**Task item**
With pictures left out, retype the lines from the start of the records through the one that contains "超越了实体元素的概念,提出了".

**Provided records**
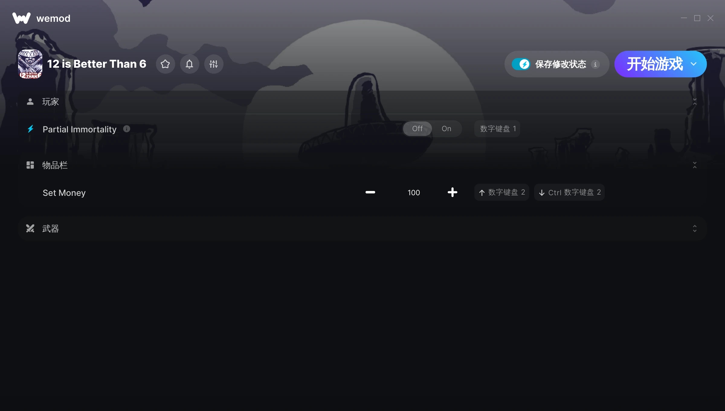 如何在 12 is Better Than 6 中使用修改器?WeMod 会安全地扫描并显示你的 PC 上已安装的所有游戏。只需从列表中选择一款游戏并点击“开始游戏”,即可快速启动游戏。当游戏完成加载并进入游戏画面后,你就可以开启各种修改了!这些修改适用于我的游戏版本吗?WeMod 还能使用先进技术自动检测你的游戏版本,并告知你该游戏是否支持修改。如果暂无修改,你可以选择直接进入游戏或提交制作申请!
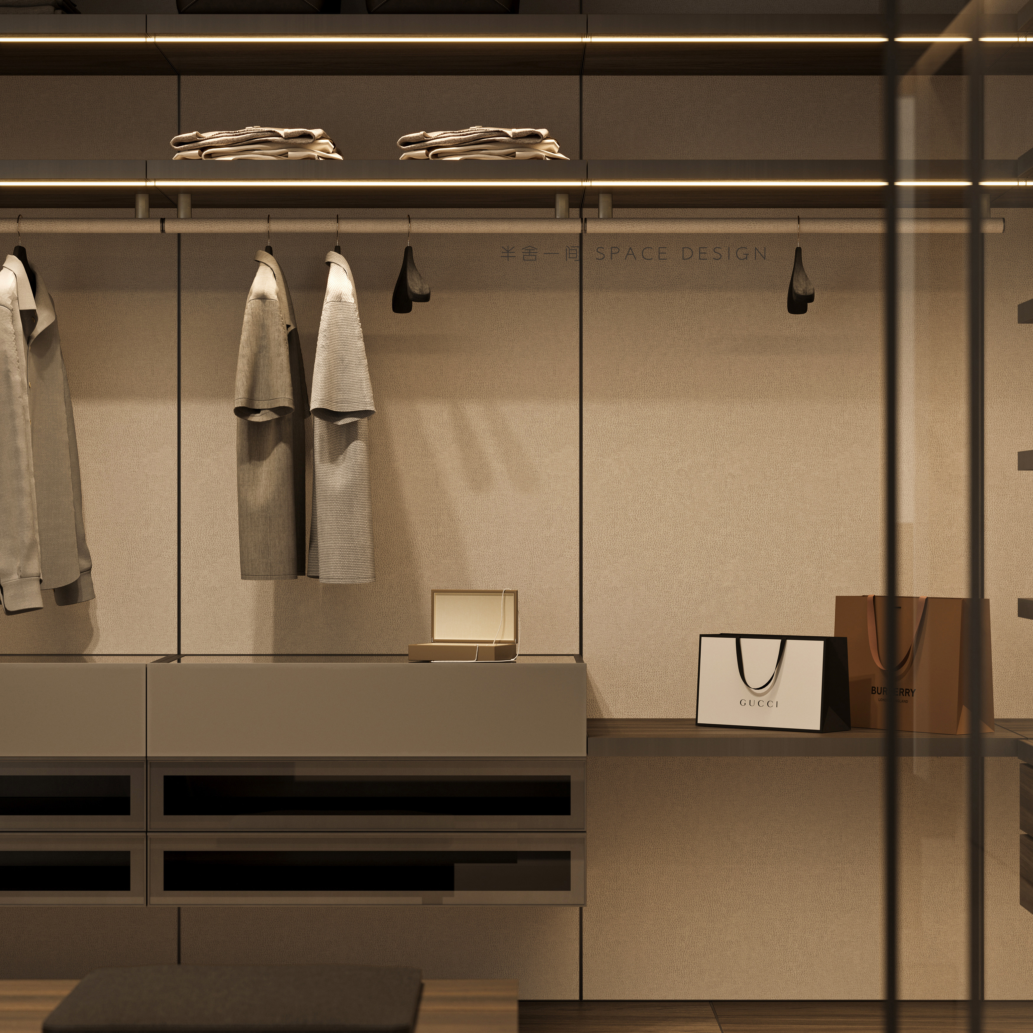 超越了实体元素的概念,提出了一个柔软的容器系统。各种尺寸的袋子都挂在带有滑动铝架的结构上,保证了完美的可塑性。因此,它们从内容中形成自己的形状:衬衫包、内衣包、腰带、手提包和鞋子等配饰,就像传统的裤架或裙子架和拉出式搁板一样。
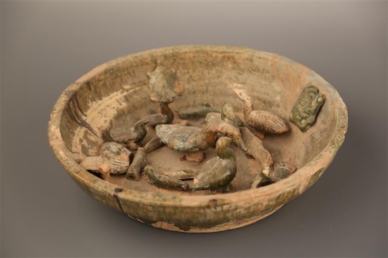 綠釉陶陂池高15厘米,口32厘米,底16厘米,為蘭州市博物館館藏三級文物。陶陂池內(nèi)有形象生動的鴨、鵝、龜、青蛙等造型,代表墓主人生前擁有這樣一份家產(chǎn)。陂池,指在自然坡地筑堤蓄水澆灌農(nóng)田的池塘、澤沼。我國興修陂池的歷史很早,傳說夏禹治水時,曾從事“陂九澤”的工程。利用地勢蓄水灌溉,在古代較為普遍,尤其在漢代時陂池工程得到較大發(fā)展。陂池養(yǎng)魚、家禽、種藕、種菱角、養(yǎng)龜,不僅可提高農(nóng)民的經(jīng)濟收入,豐富人們的食物來源,還可以起到美化環(huán)境、凈化水質的作用,青蛙、田螺自由生存,起到平衡自然生態(tài)的作用。
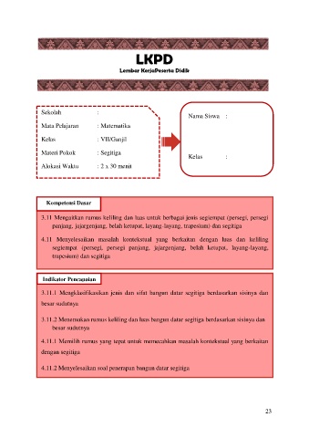 panjang, jajargenjang, belah ketupat, layang-layang, trapesium) dan segitiga
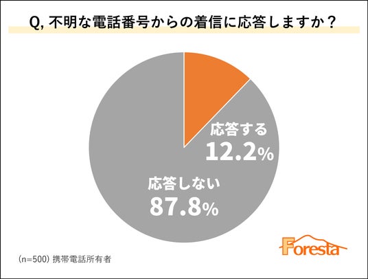 携帯電話の所有者500名に「自身の携帯電話宛に不明な電話番号から着信があった場合、応答するか否か」についてアンケートしたところ、500名のうち約87.8%の方が「応答しない」ことが判明しました。
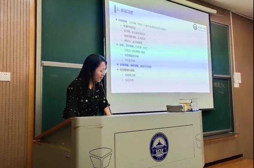 张英老师为新生们介绍了研究生培养方案。她希望同学们能够利用好学校的资源和平台,拓展自己的见识,为未来的发展打好坚实的基础。
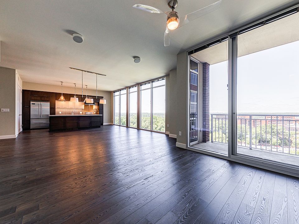 Come home to panoramic floor to ceiling Western views from this immaculate 2 bedroom, 2.5 bath plus den (largest two bedroom floor plan) at The Brookwood, Atlantaa^??s only LEED Certified condominium residence. The entire living, dining and den space has oil hand-rubbed wide hardwood floors. There are two spacious private balconies, one off the Master Bedroom, the other off the living room. In this open floor plan the kitchen area is directly adjacent to the living/dining space with a large granite island serving as the centerpiece.
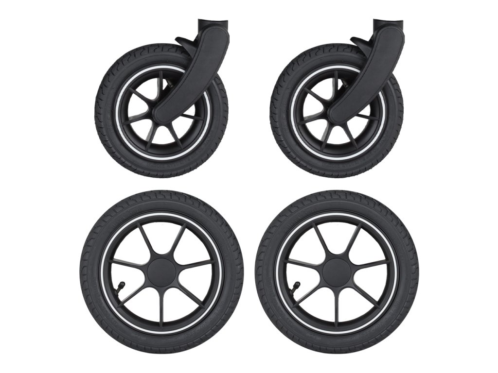 Nafukovací kolečka ke kočárku Street2 Vám pomohou hravě zvládnout nerovnosti chodníku ve městě, ale také cesty v přírodě. Set obsahuje 4 ks kol: 2 přední a 2 zadní kola.
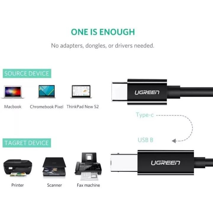 A Must Have USB-C to B Cable for Your Macbook UGREEN 2.0 USB-C to USB-B printer cable is designed to transfer data from Type-C equipped laptop or PC to Type B 2.0 printer or scanner like Brother, Canon, Dell, Epson, Fujitsu, HP, Panasonic, Lexmark, Samsung printers etc. Support stable and fast data transferring rate up to 480 Mbps.
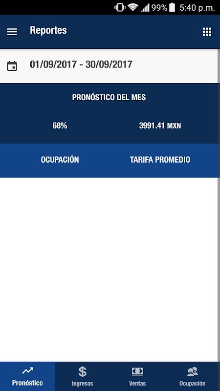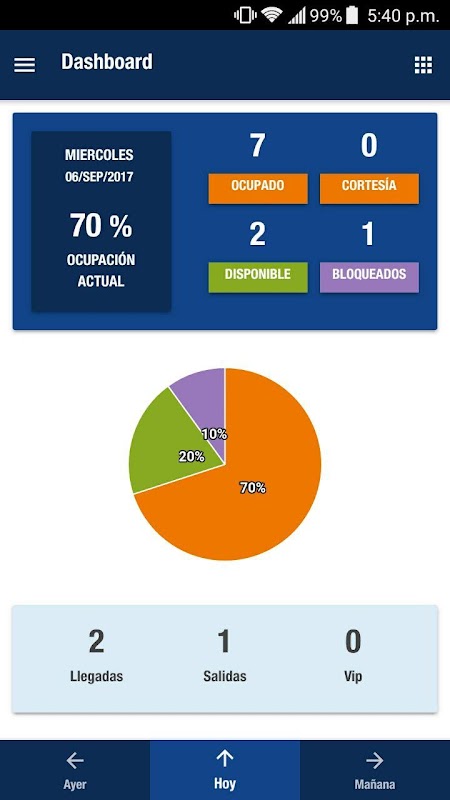 - Visualize through graphs and statistics the current situation of the hotel, the total occupancy per day, the income by date of stay and the expected sales amount per day.
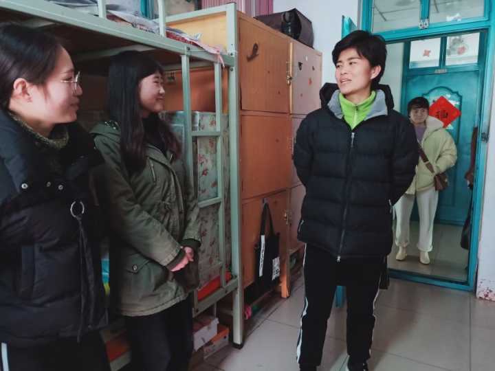 每进到一个宿舍,陈永刚书记都亲切询问学生假期过得怎么样,有什么收获,并叮嘱同学们尽快整理好宿舍内务,收收心,及时转换紧张的学习状态,严格遵守学校纪律,提高个人安全意识。同时,团总支书记王玉香对同学们假期的学习情况与生活状况进行了了解,提出了一些切实的建议,帮助学生解决学习、生活中的困惑。辅导员刘阳、尚津以及王雪冰老师对各自负责的班级学生进行了亲切交谈,老师们表示同学们在学习、纪律、生活等方面遇到问题了可以随时向他们寻求帮助。
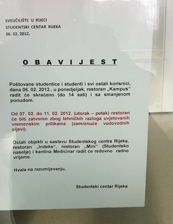 danas popodne nije davalo znakove života). Probleme s cijevima nema samo zgrada
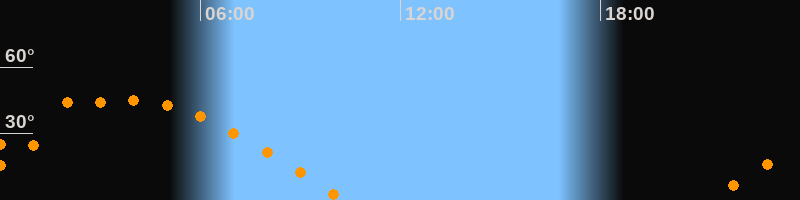 | Untergang | 10:22 Uhr im Westen (αAz = 280,2°) |
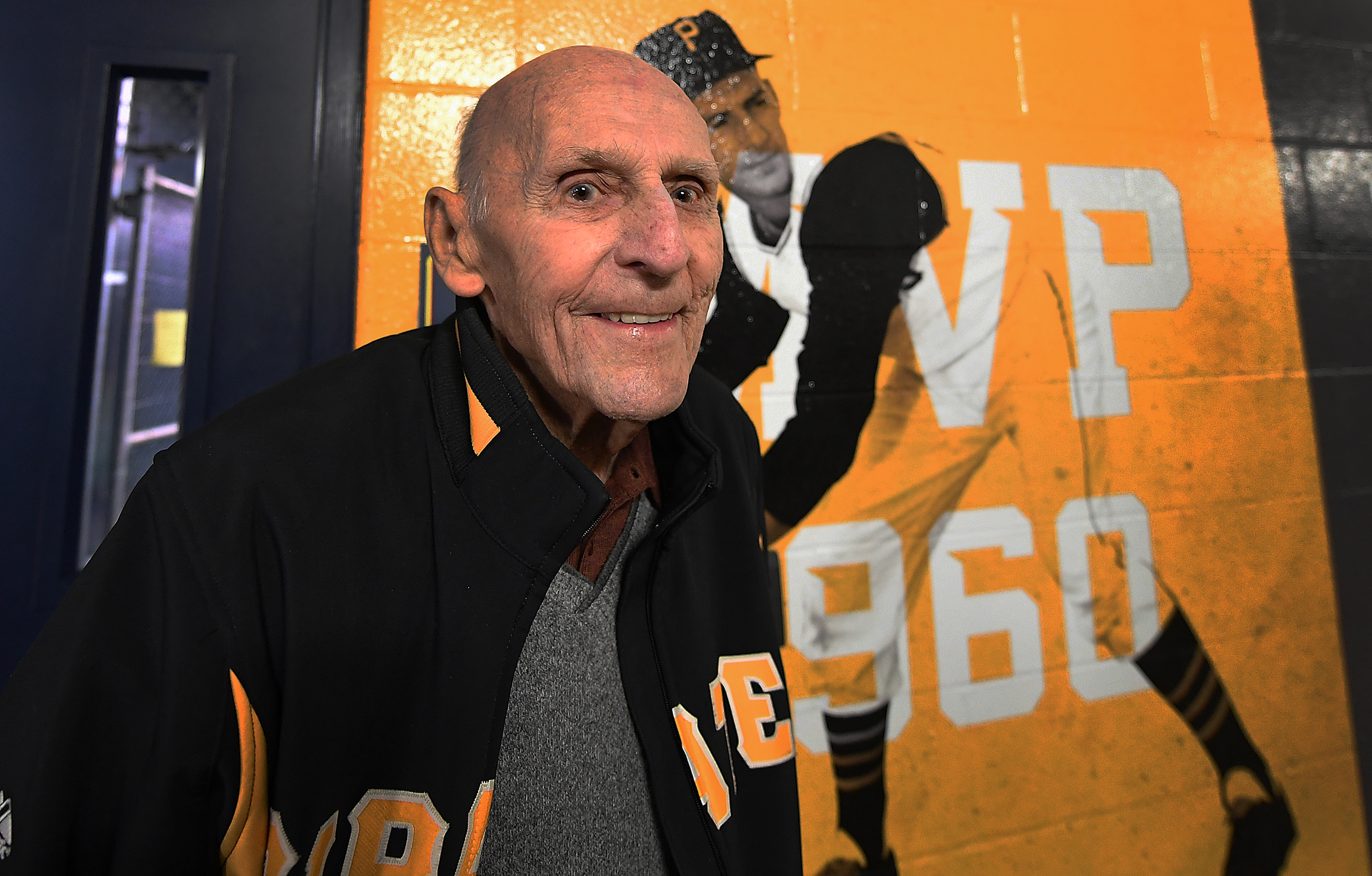 20190401pdPirates10 April 1, 2019 • 2600 × 1660 • Opening Day at PNC Park in visuals Dick Groat poses in front of a photo of him from the 1960 Pirates team on the wall near the clubhouse Monday, April 1, 2019, at PNC Park. (Peter Diana/Post-Gazette)
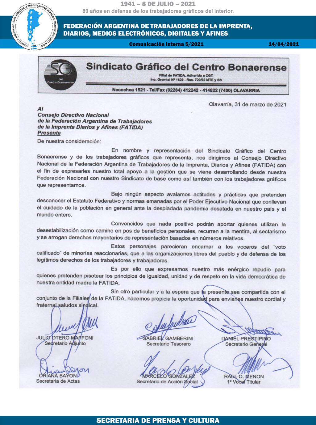 Nuestro decidido apoyo al gobierno por las medidas dispuestas ante la nueva ola de la pandemia
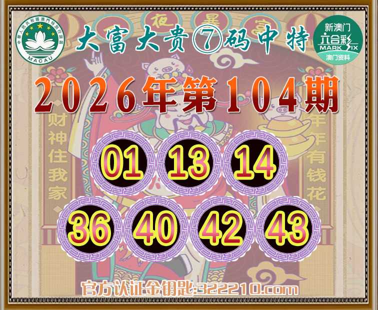104期:《大富大贵》 🤩⑦码中特🤩【01.13.14.36.40.42.43】开:01
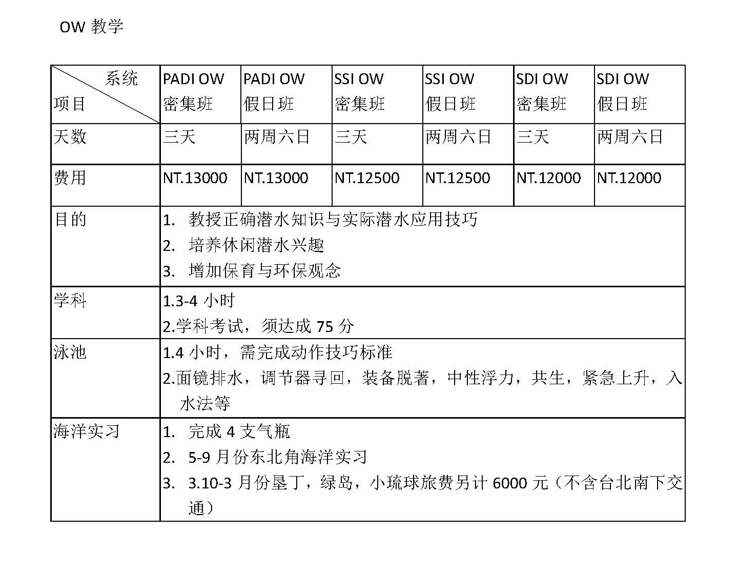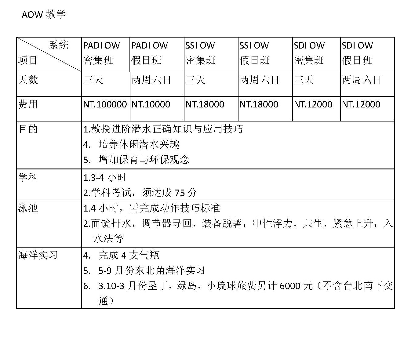 OW与AOW系列课程,台湾潜水,绿岛,垦丁,兰屿,潜水,专业潜水,台湾潜水协会,两岸潜水观光发展联盟,结伴国外潜水,兩岸觀光發展聯盟
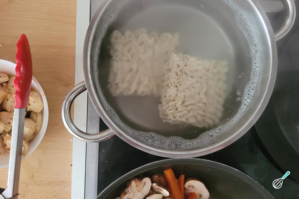Enquanto os legumes terminam de cozinhar, coloque o macarrão na água fervendo com um pouco de sal e cozinhe pelo tempo indicado na embalagem - o macarrão para Yakisoba cozinha bem rápido.

**Solved exercise**
 如何在 12 is Better Than 6 中使用修改器?WeMod 会安全地扫描并显示你的 PC 上已安装的所有游戏。只需从列表中选择一款游戏并点击“开始游戏”,即可快速启动游戏。当游戏完成加载并进入游戏画面后,你就可以开启各种修改了!这些修改适用于我的游戏版本吗?WeMod 还能使用先进技术自动检测你的游戏版本,并告知你该游戏是否支持修改。如果暂无修改,你可以选择直接进入游戏或提交制作申请!
 超越了实体元素的概念,提出了一个柔软的容器系统。各种尺寸的袋子都挂在带有滑动铝架的结构上,保证了完美的可塑性。因此,它们从内容中形成自己的形状:衬衫包、内衣包、腰带、手提包和鞋子等配饰,就像传统的裤架或裙子架和拉出式搁板一样。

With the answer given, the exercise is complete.